MÜRSELÂT / GÖNDERİLENLER SURESİ

İniş Sırası: 33 • Mushaf Sırası: 77 • Mekki Sure • 50 Ayettir

(Kıyameti inkâr edenlere o gün şöyle denir): Haydi yalan saydığınız azaba gidin. Yürüyün üç kola ayrılmış gölgeye doğru. Serinlik sağlamayan ve alevden korumayan gölgeye! Orası kalaslar gibi kıvılcımlar saçar. Her biri, sanki kızgın sarı madenden oluşmuş, dev gemi halatları gibidir! O Gün vay haline hakikati yalanlayanların! (Murselat 29-34)

Rahmân Rahîm Allah’ın Adıyla

1. İyiliği yaymak için görev üstlenenler,
2. işleri sürükleyip götürenler
3. iyiliği her tarafa yayanlar,
4. iyi ile kötüyü birbirinden ayıranlar,
5. ve arkalarında doğru bir bilgi bırakanlar;[*] işte bütün bu kişiler önemlidir.

İlk ayetlerindeki kelimeleri, tefsir bilginleri meleklerin veya rüzgarın özelliği saymışlardır. Allah’ın yaptığı yeminler, bir şeyin önemini ortaya koymak içindir. Ayetler böyle tefsir edilince yeminlerin bir anlamı kalmaz. Kur’an, insanlara indiğinden o kelimeler, bazı kişilerin önemini göstermeli ki herkes dersini alsın. Bize göre onlar, kadın erkek her insanı içine alan النفوس =en-nüfus yani kişiler sözünün sıfatıdır; başkası uygun düşmez.. (Süleymaniye Vakfı Tefsiri)

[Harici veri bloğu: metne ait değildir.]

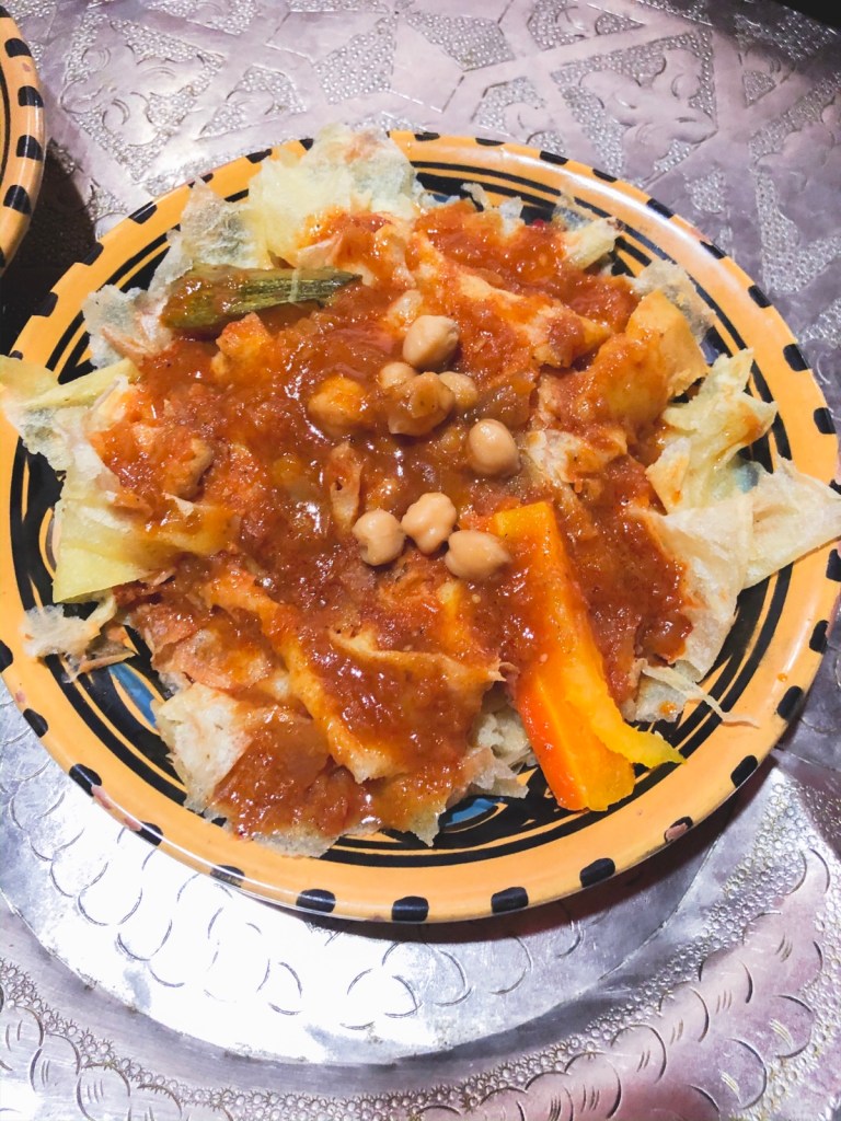 Surprisingly there is local food that is vegan. And that’s what we had! A flat bread type thing (the guy said squashed pasta) covered in tomato sauce, with chickpeas and vegetables. It was good.

6. O bilgi, özür için de uyarı için de olabilir.
7. Elbette, tehdit edildiğiniz şey mutlaka gerçekleşecektir.[*]

Tehdit edildiğiniz kıyametin gelişi mutlaka olacak, mutlaka başınıza gelecek! Bu, kasemin (yeminin) cevabıdır. (Zemahşeri Tefsiri)

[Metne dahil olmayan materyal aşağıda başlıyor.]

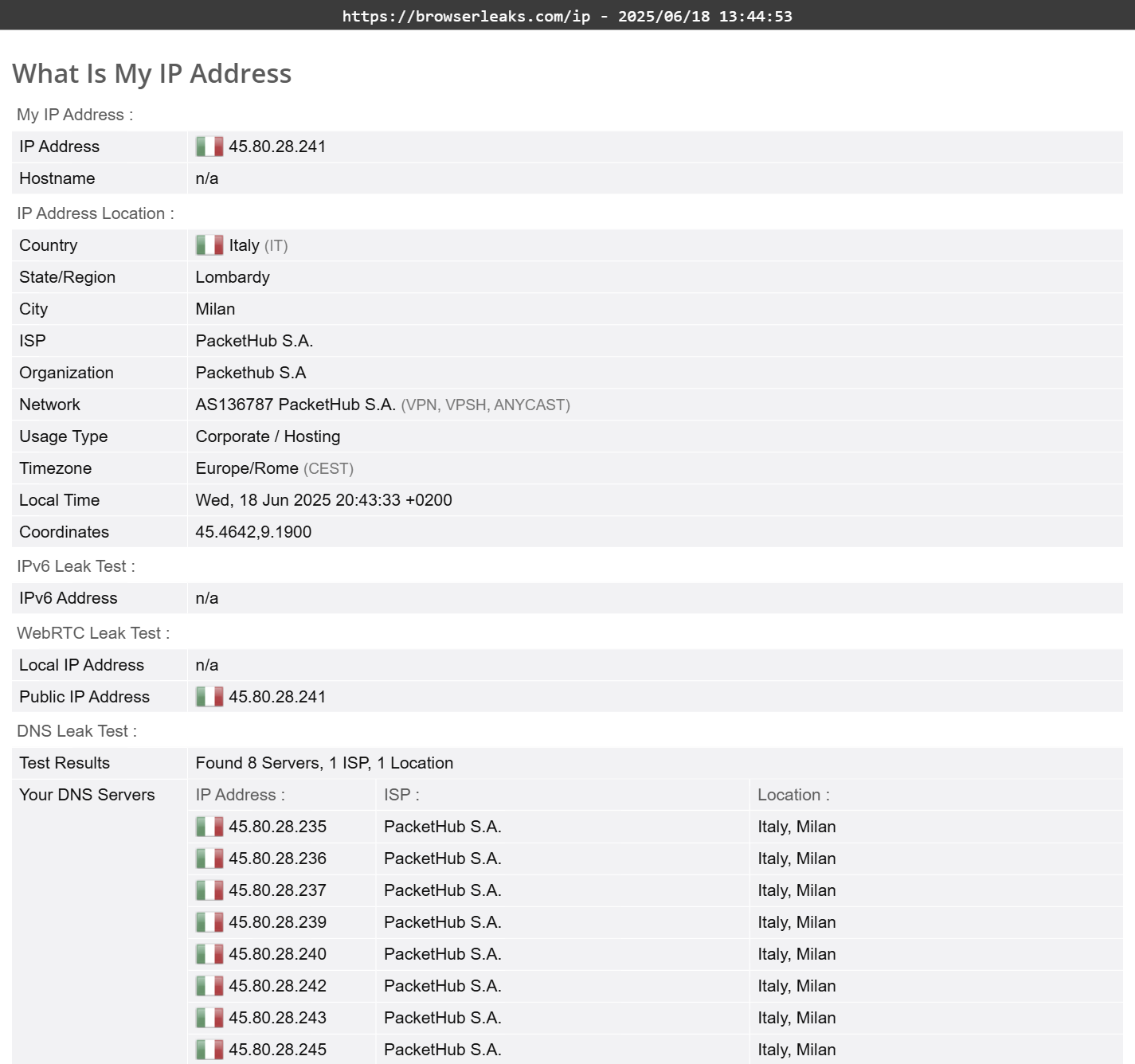 One thing to note is that there was no large list of servers, which means our online traffic was being correctly routed through the VPN server we connected to.

8. Yıldızlar söndürüldüğü,
9. Göğün yarıldığı,
10. Dağların ufalanıp savrulduğu,
11. ve bütün elçiler (tanıklık) vaktinde toplandığı zaman... [*]

Bu evrensel sahnelerde somutlaşan dehşetin yanı sıra okuduğumuz ayetlerde kıyamet gününe ertelenen bir başka büyük olaya değiniliyor. Bu olay bütün peygamberlerin uzun insanlık boyunca sürdürdükleri çağrı misyonunun bilançosunun sunulmasıdır, bu sunuluşa ilişkin randevudur. Bütün peygamberlere o gün için randevu verilmiş, o gün genel bir buluşma günü olarak belirlenmiştir. Bu buluşmada peygamberler göklerden, yeryüzünden ve dağlardan daha ağır basan o büyük konuya ilişkin son hesaplarını sunacaklar, dünya hayatının tüm problemleri çözüme bağlanacak, Allah bu problemlere ilişkin hükmünü verecek, ardışık insan kuşaklarını ve bütün çağları bağlayan son söz söylenecektir. (Seyyid Kutub Tefsiri)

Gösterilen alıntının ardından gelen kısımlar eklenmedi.